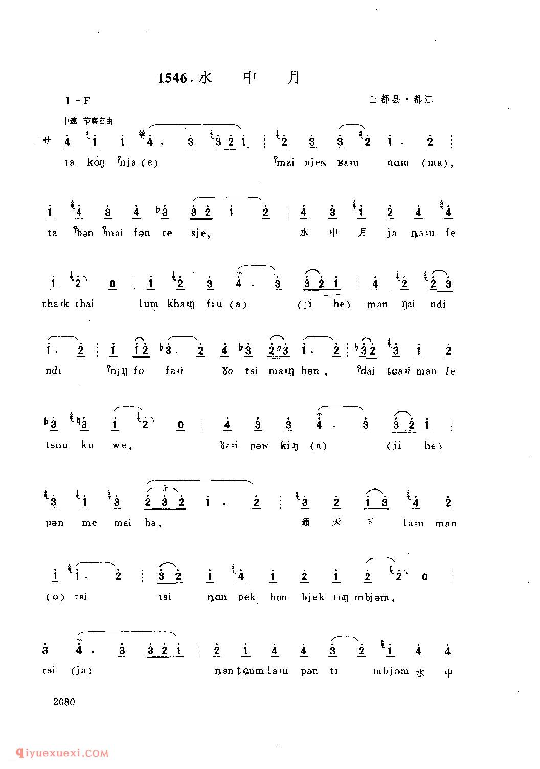 水中月(相遇歌) 三都县·都江_旭基_贵州民间歌曲简谱
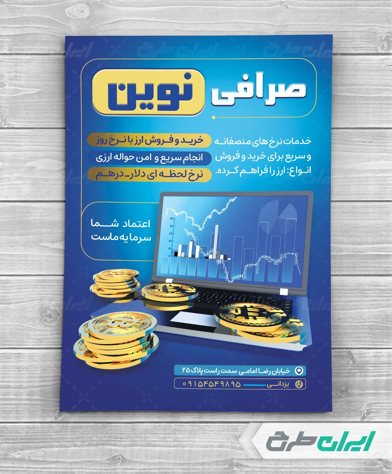طرح لایه باز تراکت صرافی، جهت بازاریابی و تبلیغات این دسته از مشاغل توسط تیم طراحان ایران طرح طراحی و در دسترس کاربران سایت قرار گرفته است.
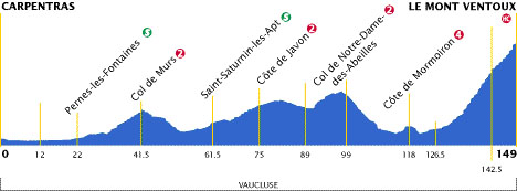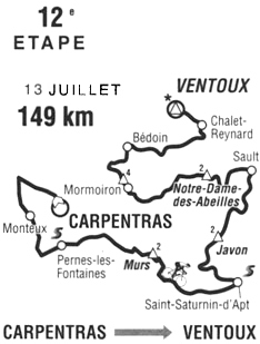 11h57 (Vaucluse) : D950 Carpentras (km 0) - Sarrians (km 5) - D31 Monteux (km 12) - D28 Pernes-les-Fontaines (km 22-sprint) - Saint-Didier (km 27) - D4 Venasque (près de) (km 32.5) - Col de Murs (km 41.5-GPM2) - Murs (km 47) - D2 Saint-Saturnin-les-Apt (km 61.5-sprint) - D943 Côte de Javon (km 75-GPM2) - D942 Sault (km 89) - D1 Col de Notre-Dame-des-Abeilles (km 99-GPM2) - Les Abeilles (km 99) - Villes-sur-Auzon (km 109.5) - D14 Mormoiron (km 115.5) - D224 Côte de Mormoiron (km 118-GPM4) - D974 Bédoin (km 126.5) - Le Chalet Reynard (km 142.5) - Stèle Tom Simpson (km 147.5) - Le Mont-Ventoux (km 149-GPM HC).

________________

■ Directions:
Print the data above from its first line through the line that has "طرح لایه باز", exactly and with nothing else, omitting pictures.

■ Answer space:
 水中月(相遇歌) 三都县·都江_旭基_贵州民间歌曲简谱
طرح لایه باز تراکت صرافی، جهت بازاریابی و تبلیغات این دسته از مشاغل توسط تیم طراحان ایران طرح طراحی و در دسترس کاربران سایت قرار گرفته است.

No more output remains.